La diferencia entre ayudar a 10000 inválidos y ayudar a 7500 es de 2500 cochecitos, ni más ni menos, y la única diferencia entre un inválido en cochecito y otro a secas, es que uno rueda y otro se arrastra, ni más ni menos. Sin embargo las ocurrencias se resuelven con reuniones, y las reuniones con castigos. Hay reuniones diarias, reuniones de fin de semana y de fin de mes, reuniones secretas, reuniones femeninas, infantiles, reuniones para prever otras reuniones, reuniones extraordinarias. Cuestiones complejas: ¿qué cambia el hecho de saber por anticipado lo que sucederá en una reunión? ¿Dolerá menos, igual, más aún? ¿Son predecibles precisamente para que el culpable, Severo en este caso, ni siquiera se tome la molestia de protestar? ¿Y protestar, además de altas cantidades de saliva, nos libera de algún otro peso?

Mejor limitarse a la acepción oficial: «una reunión se efectúa para analizar algo que ha salido mal, y de ser posible, solucionarlo».

Se palpa, Severo se reencuentra al salir por la doble puerta verde del salón de reuniones, tiene un aire de quien ha caído a un claro en mitad de la selva e instintivamente se registra buscando huesos rotos, sangre. Severo se palpa, enciende un cigarro y deja actuar al humo, su cuerpo lo digiere y se va relajando como ante un masaje. –Severo ¿qué haces aquí si tú eres dentista? ¿Por qué no pediste que te mandaran a una clínica o un hospital?

Y tu tío se me queda mirando con esos ojos tan azules que uno sentía vergüenza por tenerlos de otro color y sonríe, sonríe por primera vez desde que nos pusieran al frente de aquella fábrica. –Pensé que iban a pedir que me hiciera cargo de algo más importante, mucho más grande.

Con el tiempo, a medida que iba perdiendo todos mis dientes, siempre pensaba en tu tío, que era dentista y no quería serlo, que podía ayudar a mucha gente adolorida como yo y prefería pensar en esas cosas mucho más grandes.

Severo aún vagó en pobres tardes por La Sal, vegetando, perplejo de seguir vivo, como queriendo completarse en su intimidad, en su mujer, en el silencio. Pero quien ha creído una vez ya no podrá sentirse a gusto en esa dicha doméstica de los seres llanos.

Según escuché por ahí, su hermano Gastón –que hablaba alto de verdad y sí sabía usar armas–, lo envolvió en esa nube oscura suya que ya no se alejó más de su cabeza. Por ahí también hay quién dice que en realidad Gastón le abrió los ojos a Severo, qué sé yo ¿quién soy yo para meterme entre hermanos?

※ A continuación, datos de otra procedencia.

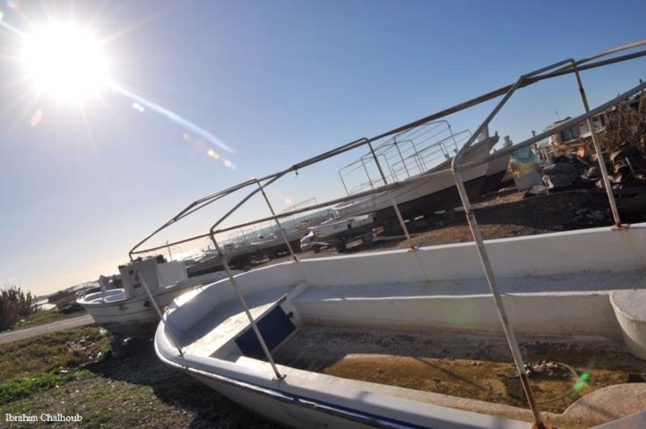 Des bateaux, placés sous les rayons du soleil après la tempête, sèchent avant de repartir en mer.

La última vez que nos cruzamos, él ya desvinculado de todo y yo con tantos deberes que había olvidado el rostro de mi hijo, me contó algo que sigue dando vueltas en mi cabeza y que tal vez a ti te abra alguna puerta. Me dijo, Niño, ¿tú ves los muñequitos? Y sin esperar respuesta me soltó que unos días atrás había visto en la televisión Tío Stiopa, un animado ruso sobre un policía muy alto que salvaba a gaticos y niñitos de los peligros de la vida, un auténtico héroe si los hubiera. ¿Comprendes Niño? Es el hombre nuevo, o lo que es más exacto, la idea del hombre nuevo fue creada a imagen y semejanza del Tío Stiopa, sus pequeñas hazañas debieron ser nuestro único fin. ¿Qué haces aquí Severo? –le dije como si le hablara desde un sueño o desde el pasado, que son el mismitico lugar–, ¿por qué no vas a sacarle dientes a la gente? Tu tío me miró, y como ya usaba gafas el azul de sus ojos no te dejaba helado como antes, y muy triste, decepcionado diría yo, susurró: ¿Niño, por qué no ves muñequitos? Mírame, Severo –le pedí–, ¿en serio estás viendo a un niño? Y su mirada dejó de ser

azul y se fue nublando y no me vio ni me escuchó más, pero aún le seguí hablando, hablando con las nubes. Le conté que había estado en Moscú y que no había visto a ese tal Stiopa, pero había conocido la nieve. ¿Estás hablando de la nieve, Severo? ¿Todo esto que me contaste tiene que ver con la nieve? Su rostro se volvió una mueca ligera, burlona, de asco, y eso fue todo. Después nos alejamos y un mar de gentes y años y palabras se fue amontonando entre nosotros y yo me dije qué suerte que hay mares que no se pueden cruzar a nado, porque de volvernos a ver seguramente no íbamos a reconocernos.